Dataset Restaurants Laptops
No-target 0.772 0.708
No-interaction 0.769 0.706
Target2Content 0.775 0.712
IAN 0.786 0.721

From the two table above, we can see that our training get the same accuracy value with the paper.

Analysis:

The author analyzed the IAN model effectiveness by comparing it with 3 other types of models. All the models are based on LSTM and attention mechanism. The No-target model does not model the representation of the target. The second model, No-interaction, used 2 LSTM networks to model the representations of target and context via their own local atttentions, but without interaction. Next, the Target2Content model also employs 2 LSTM networks to learn target and context representation, but only uses the pool target vector for the context attention computation. The difference between this model and the IAN is the IAN also use the pool context vector in target attetion computation.

The results verify that target should be separately modeled and target representations can make contribution to judging the sentiment polarity of a target.

The improvements on Restaurant category is much less than those on Laptop category. The author explained that by pointing out that the Restaurant dataset has 9% 1-word target more than the Laptop one. In other words, the Laptop dataset has more multi-words targets. In IAN, the targets are modeled by LSTM networks and interactive attentions. LSTM networks and interactive attention are more effective on modelling long targets than short ones.

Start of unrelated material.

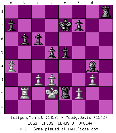 Last move : 0-1 2010 May 2 17:59:36 [Event "FICGS__CHESS__CLASS_D__000144"] [Site "FICGS"] [Date "2010.03.27"] [Round "1"] [White "Isliyen,Mehmet"] [Black "Moody,David"] [Result "0-1"] [WhiteElo "1452"] [BlackElo "1542"] 1.e4 d5 2.d4 e6 3.Nc3 Nf6 4.Bg5 Bb4 5.e5 h6 6.exf6 hxg5 7.fxg7 Rg8 8.h4 gxh4 9.Rxh4 Qxh4 10.Nf3 Bxc3+ 11.bxc3 Qf6 12.Ne5 Nd7 13.Bb5 c6 14.Ba4 Nxe5 15.dxe5 Qxe5+ 16.Kd2 Qf4+ 17.Ke1 Qxa4 18.Qd3 Qe4+ 19.Kd2 Qxd3+ 20.cxd3 Rxg7 21.g3 Ke7 22.Re1 Rh7 23.Rg1 e5 24.Ke2 Bg4+ 25.Ke3 Rah8 26.Rb1 b6 27.a4 Rh1 28.Rb2 Re1+ 29.Kd2 Re2+ 0-1 Scandinavian (centre counter) defense Player Black won this chess game. Follow this game move after move (download)We like to think. (Gary Kasparov) Das Schach hält seine Meister in eigenen Banden, Fesseln; auf vielerlei Weise formt es ihren Geist, so dass die innere Freiheit selbst des Stärksten beeinflusst wird. (Albert Einstein) Si pudieramos observar el interior de la cabeza de un jugador de Ajedrez, encontraríamos ahí un mundo lleno de sentimientos, imágenes, ideas, emoción y pasión. (Alfred Binet) C'est une question de caractère, Beaucoup de gens perdent leur motivation très vite. D'autres, ils sont rares, peuvent la conserver très longtemps. J'aime les échecs, encore aujourd'hui je suis heureux d'analyser des parties. J'aime toujours gagner, je déteste encore perdre. Bien jouer est important pour mon intégrité intellectuelle et morale. Et puis les échecs vivent en ce moment une période historique grâce à Internet. Ils se développent dans les systèmes éducatifs à travers le monde. Ils sortent de leur ghetto, et c'est mon rôle de mener à bien cette révolution. (Gary Kasparov) Lamb in skin of tiger, still fears the wolf. (Chinese proverb)

You can read more about the case study in which the author analyzes the attention score when doing inference here.

Lesson

  1. Pass device in forward function instead of __init__
  2. When masking, create a mask matrix and times with the matrix we want to mask. By doing that, we can avoid modifying the tensor in-place error. We can also use the function mask_fill with ‘underscore’.
  3. When the training model is slow, check the number of model parameters!
  4. When using functions that requires the dim, we should set it explicitly to avoid bugs in our code. For example, in this implementation, using squeeze() function after calculating the similariry score between query and key vectors has error when the sequence length of key is 1.

Suggestion for Readers:

  1. You can try a larger word embeddings to see whether we can improve the metrics.
  2. Training on the Laptop data
  3. Have fun :)